Fig. 1 is a diagram showing the X-ray diffraction pattern of the Ni-Zr mechanically alloyed particles obtained in Example 1, and Fig. 2 is a graph showing the particle size distribution of the particles at each processing stage obtained in Example 1. , FIG. 3 is a diagram showing the relationship between particle size and processing time of Fe-Zr particles obtained in Example 2, and FIG. 4 is a diagram showing the relationship between the particle size and processing time of Fe-Zr particles obtained in Example 2.

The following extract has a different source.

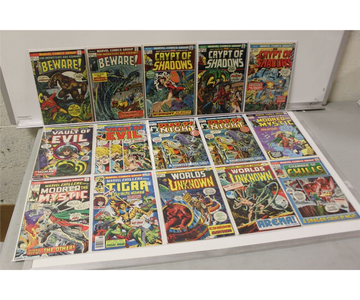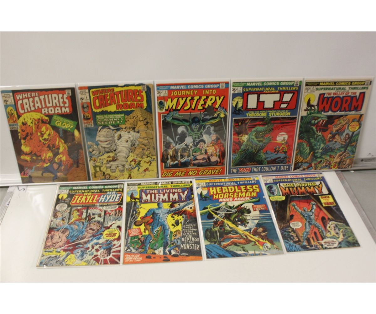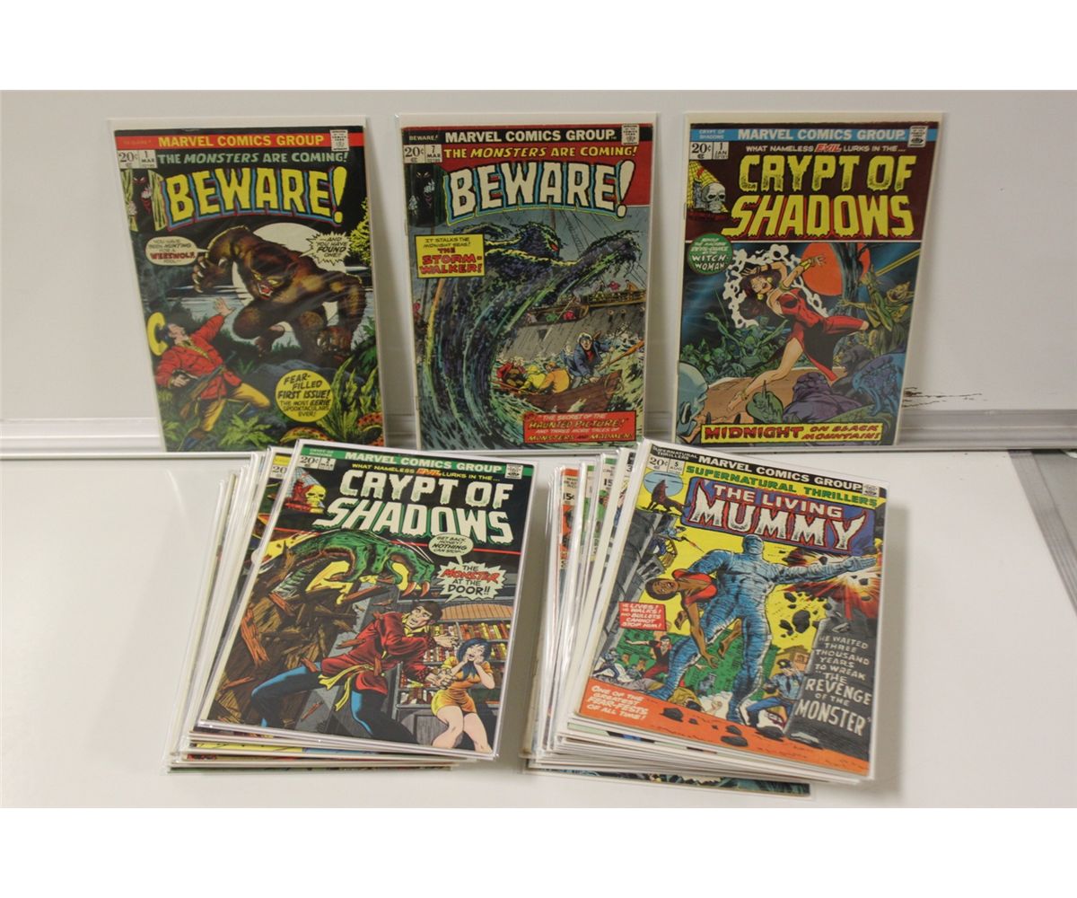 MARVEL HORROR BIG MIXED BRONZE LOT.  37 BOOKS, INCLUDES 11 #1'S & SUPERNATURAL THRILLERS #5- 1ST LIVING MUMMY.  MIXED GRADES, MANY SHARP COPIES.

FIG. 2 is a diagram showing a DSC curve obtained in FIG. Agent Patent Attorney Tsuyoshi Shigeno Ni-Zr □ 2e, degree Figure 2 Particle size (, um) Figure 3 Figure 4

Claims (3)

[Claims] (1) One or more of Co, Ni and Fe and Ti
, Ti, Nb and Zr by rotating and pulverizing powder of metal and/or alloy with one or more of Nb and Zr in a high-speed ball mill with the addition of ceramic particles.
One or more selected from the group consisting of 5 to 85% by weight of one or more selected from the group consisting of r, and 0.1 to 40% by weight of ceramic, with the remainder substantially consisting of Co, Ni and Fe. Or a method for producing amorphous microparticles, which comprises producing amorphous microparticles made of an alloy of two or more types. (2) The method according to claim 1, wherein the ceramic particles are metal oxides. (3) The method according to claim 1, wherein the ceramic particles are nitride or carbide.